July 02, 2008

NRO's Uncommon Knowledge Features Tom Wolfe

Good to see Mr. Wolfe backing down from his famous "your soul has died" article. He sounds Walker Percy-like in his seeing language as the crucial dividing line between man and beast.

Amazingly optimistic about America, he's a pessimist about the novel, saying the latter will go the way of the epic poem. He's likely right, which if true would make the hand-wringing over the lack of Catholic fiction academic. No one today is upset by the lack of Catholic epic poets.

FRIDAY, MAY 09, 2008
The Word According to Tom Wolfe: Chapter 5 of 5
Tom Wolfe and America? He loves the place, a position that puts him at odds with much of the charming aristocracy. He’s also an optimist about America — and American greatness. “The biggest problem,” says Wolfe, “is all the people who see a problem.”

THURSDAY, MAY 08, 2008
The Word According to Tom Wolfe: Chapter 4 of 5
Tom Wolfe says evolution ended when man learned to speak — with the dawn of homo loquax. Where status for the beast of the field is determined by power, for man it is determined in innumerable ways because of language. And it is language that gives us rational thought. Wolfe asks, “Have you ever see an animal shrug?”

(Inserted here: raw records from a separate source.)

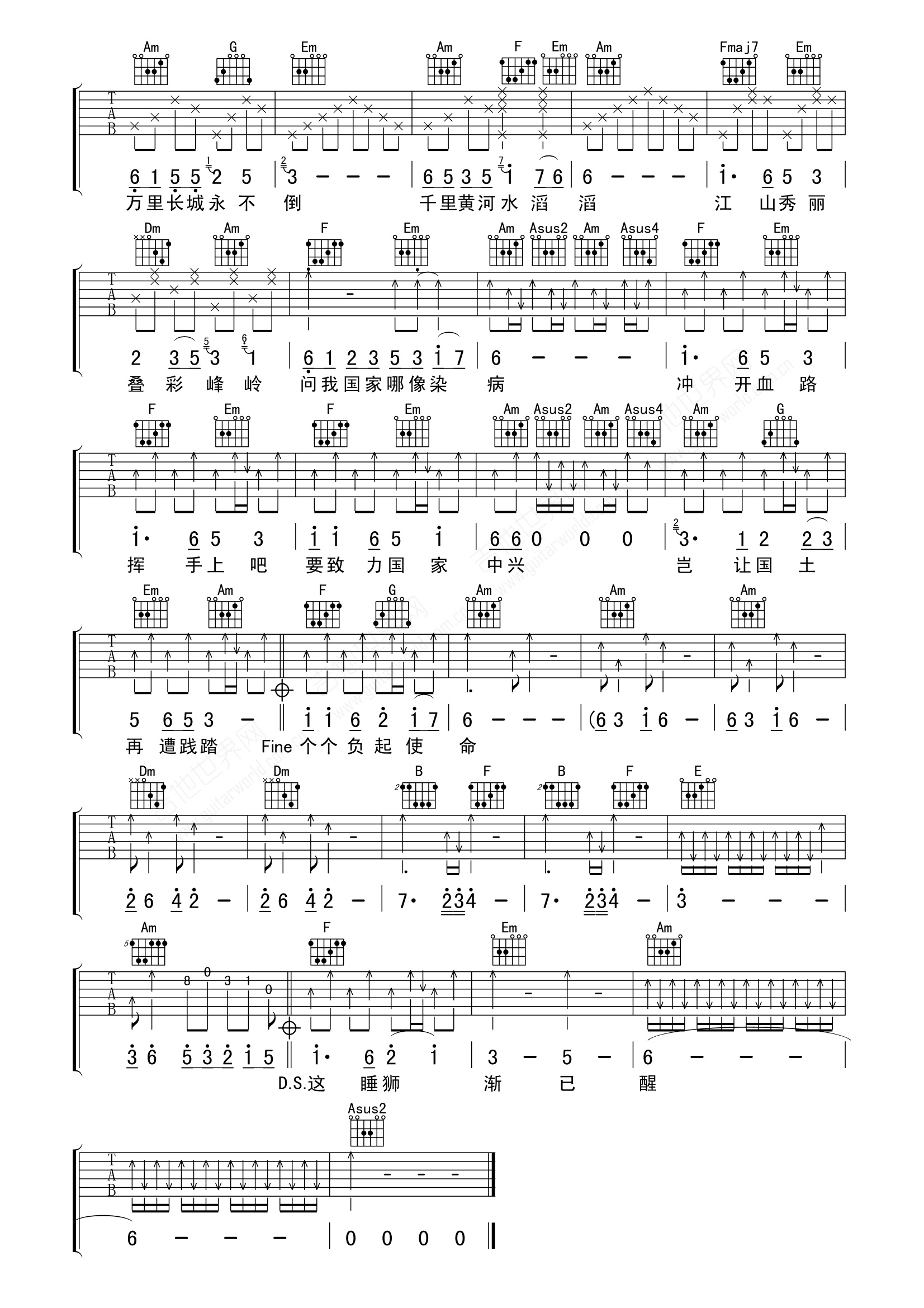 罗文《万里长城永不倒》吉他谱,共有2张高清图谱,免翻页排版设计。
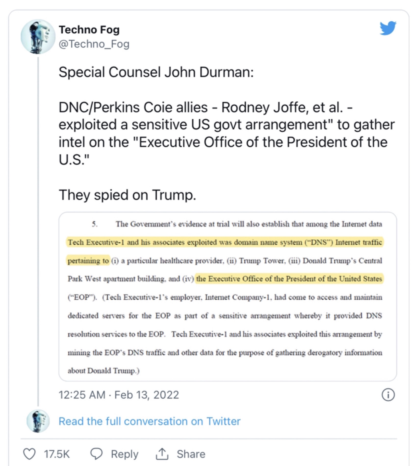 I provide that background because of what we just learned. Durham also divulged, to an extent, that contractors and tech experts (meaning Joffe and his cohorts) – those same people involved in the Alfa Bank hoax – essentially spied on President Trump.
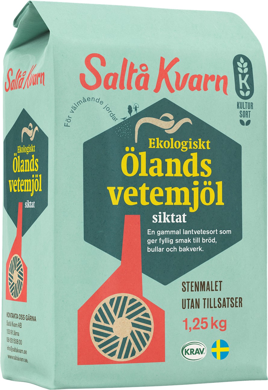ölandsvete, ölandsvetemjöl, ölandssikt, vetemjöl, kultursort, kulturspannmål, eko, ekologiskt, saltå kvarn, KRAV, mjöl, stenmalet, utan askorbinsyra, utan tillsatser, sverige, svenskt, odlat i Sverige
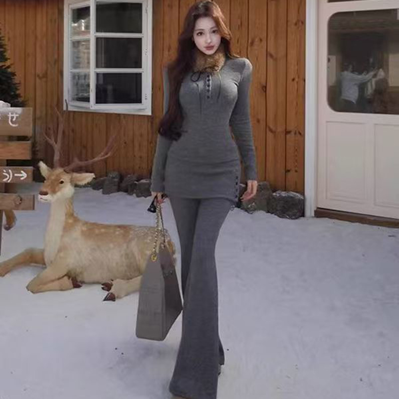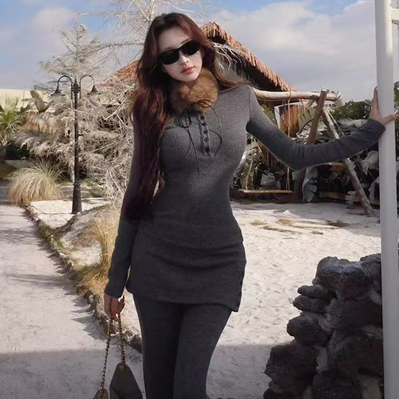 YF6903-图片色时尚秋冬名媛气质毛毛领围脖系扣弹力修身简约长袖T恤
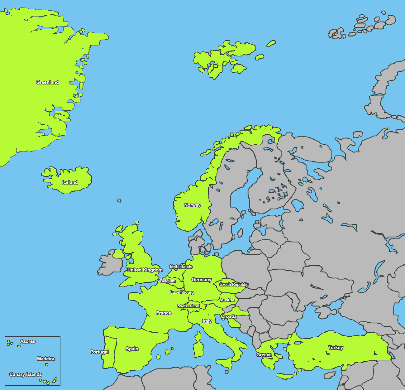 Austria Czech Republic Luxembourg Germany Netherlands Belgium Spain Greenland United Kingdom Turkey Switzerland Spain Portugal Portugal Norway Norway Italy Iceland France Greece Croatia
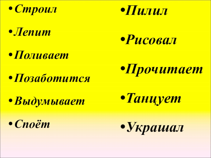 СтроилЛепитПоливаетПозаботитсяВыдумываетСпоётПилилРисовалПрочитаетТанцуетУкрашал

The Word According to Tom Wolfe: Chapter 3 of 5
Darwin, Marx, Freud, (E.O.) Wilson? Tom Wolfe says the common thread there is the power of the word — of ideas that change human history in large and obvious ways.

TUESDAY, MAY 06, 2008
The Word According to Tom Wolfe: Chapter 2 of 5
Tom Wolfe says the ideas for his novels grow out of conversation — from what’s really happening. His critics have pounced on this, calling his novels more journalism than literature. But Wolfe shrugs this off: He says he doesn’t write for the “charming aristocracy” — the aristocracy of taste that believes the novelist must aspire to things the masses cannot understand.

MONDAY, MAY 05, 2008
The Word According to Tom Wolfe: Chapter 1 of 5
Tom Wolfe begins by discussing the written word, in its popular forms. The master novelist and journalist says the novel is dying a horrible death, although non-fiction work will continue and the memoir will never die. He then talks about the subject of his latest novel (still in progress): immigration.